Being Wrong - Kathryn Schulz [207]
* The phantom limb and the phantom hat illustrate an important point, which is that we react to and interpret not just information from the outside world, but from our interior world as well. And sometimes—as in these phantom sensations—we misinterpret it. We will see another, even more dramatic example of this in the next chapter.
* Robert-Houdin’s work in Algeria is essentially an antecedent to modern military psychological operations, or psy-ops. Not all psy-ops involve the manipulation of perception, but many do. The Iraq War provides (at least) two memorable examples: the highly choreographed toppling of the statue of Saddam Hussein in Baghdad, and the much-publicized distortion and dramatization of the “saving” of Private Jessica Lynch.
* Both of these illusions feature a single image that can be interpreted in two different ways. In the first, focusing on the (white) foreground reveals a vase, while focusing on the (black) background reveals two faces; in the second, focusing on certain details reveals the profile of a beautiful young woman, while focusing on others reveals a distinctly less attractive older woman. I’ve reproduced both illusions in the endnotes.

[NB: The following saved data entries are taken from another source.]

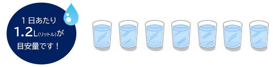 普段の食事以外で1~1.5リットル(コップ5~8杯程度)の水分補給を心がけましょう。
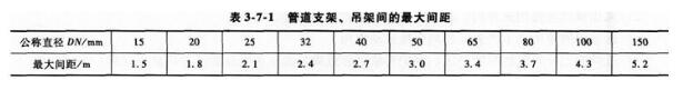 1)管道应固定牢靠,管道支架、吊架问的最大间距应符合表3-7-1的规定。
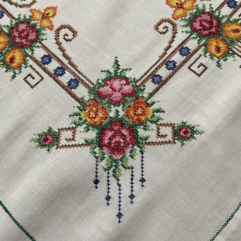 Handbroderad vacker linneduk i bra kvalitet. Blommorna i rosa och röda med vacker spettskant. Känns som ny skick. Mått ca 140x140
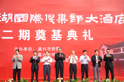 中國(guó)僑聯(lián)副主席、浙江省僑聯(lián)主席王成云、嘉興市委常委、市紀(jì)委書記馮志禮等領(lǐng)導(dǎo)以及市級(jí)有關(guān)部門、南湖區(qū)委、區(qū)政府、南湖國(guó)際俱樂部二期項(xiàng)目投資方、建設(shè)單位、市多家媒體等近100人出席了奠基儀式。
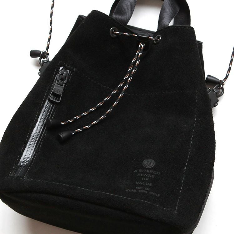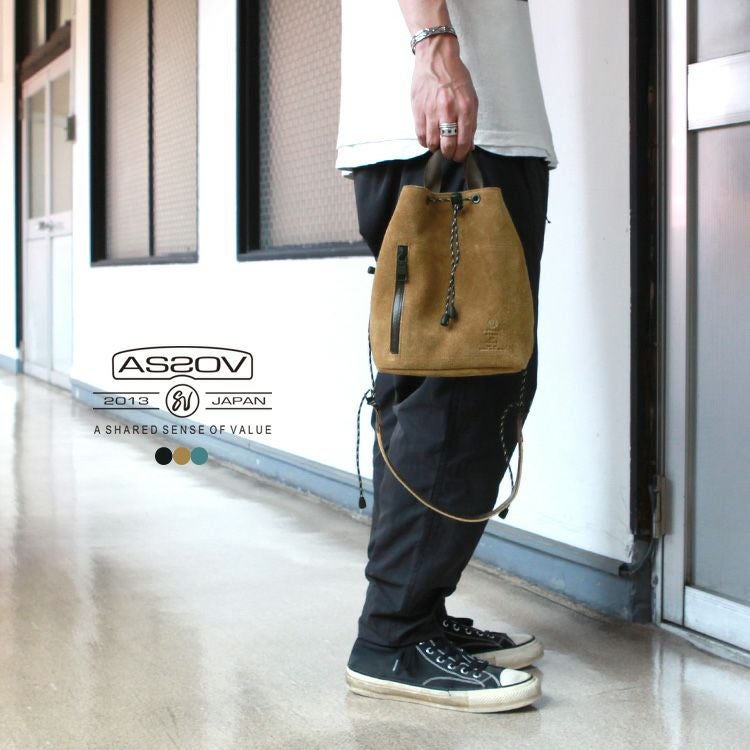 【AS2OV】独自のオリジナル素材”ウォータープルーフスウェードレザー”を採用した巾着ショルダー。
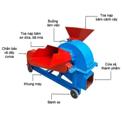 • Tính năng: Máy có chức năng băm nhỏ các loại nguyên liệu gỗ tươi hoặc khô, băm xơ dừa, bã mía,…
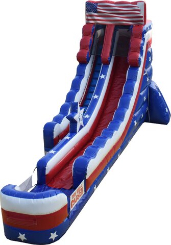 Climb to the top beneath waving stars and stripes, then take a thrilling ride down the slick slide into a refreshing splash pool below. Perfect for Fourth of July parties, Memorial Day, Labor Day, or any summer event where you want to make a bold statement of American pride!Built with commercial-grade materials and safety features like no-jump netting, sturdy steps, and splash landing area — this inflatable combines durability, fun, and national pride. Recommended Setup: Grass or pavement with access to water and power
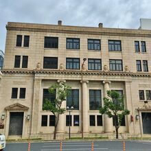 海岸通沿いにあり、東に隣接する神港ビルヂングと同様に近代化産業遺産の1つです。ロンドンに本店があるチャータード銀行の神戸支店として1938年に建設されました。入口には神殿風の円柱があり、どことなく欧州の建築を思い起こす素敵な外観です。以前あったカフェレストランは閉店し、現在は別のカフェが入っているようです。
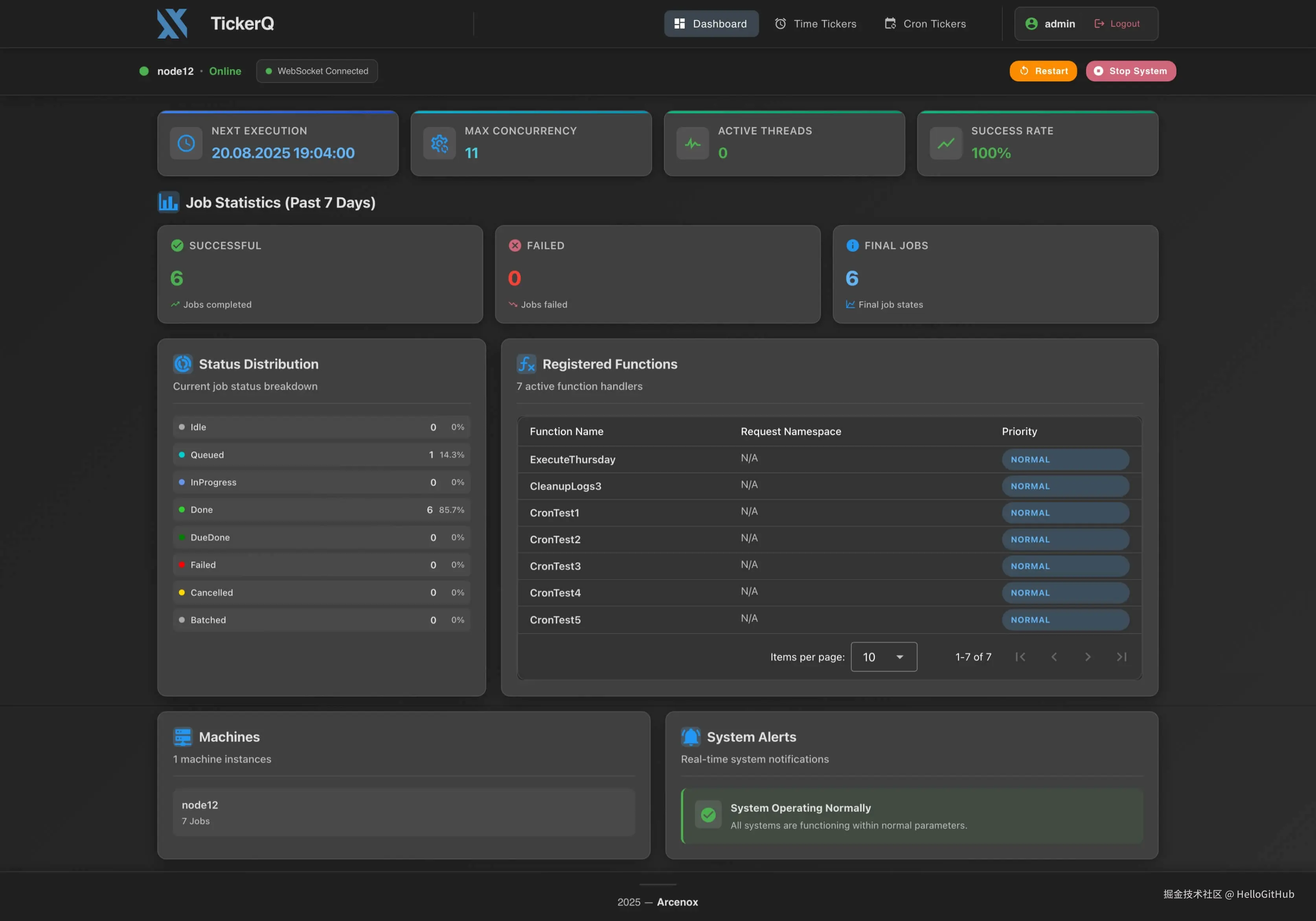 5、TickerQ:零反射的 .NET 任务调度库。这是一款专为 .NET 设计的后台任务调度库,在编译期自动生成相关代码,启动快、省内存。它内置实时 Web 面板,可随时查看、触发或取消任务,支持 Cron 表达式、定时调度、限流和重试策略等功能。

* As that suggests, memories don’t need to be traumatic to induce the feeling of knowing. In fact, they don’t even need to be real. That’s the startling and provocative conclusion of false memory studies. In these studies, subjects are convinced, over a series of meetings with a psychologist, and with the consent and participation of their families, that they experienced something as a child which they did not: getting lost in a store, say, or taking a hot-air balloon ride. Overall, about one in four subjects will accept a false memory. (Among young children, the figure is significantly higher, ranging from 30 to 60 percent.) For these participants, the implanted “memories” become largely indistinguishable from reality—so much so that it can be difficult to convince them later that the event never happened. One fourteen-year-old subject named Chris, who was led to believe that he had gotten lost in a shopping mall as a child, responded to the debriefing of the experiment with incredulity. “I thought I remembered being lost…and looking around for you guys. I do remember that,” he insisted. “And then crying, and Mom coming up and saying ‘Where were you? Don’t you—don’t you ever do that again.’” Although the event was fabricated, when Chris searched his mind, he somehow encountered the affirmative feeling that he had been lost. In a sense, these false memories are no different from errors in flashbulb memories; Ulric Neisser “remembered” something that hadn’t happened to him, too. But most of us find them more disturbing, since they suggest just how baseless the feeling of knowing can be—and, accordingly, how radically our memories can be manipulated, deliberately or otherwise.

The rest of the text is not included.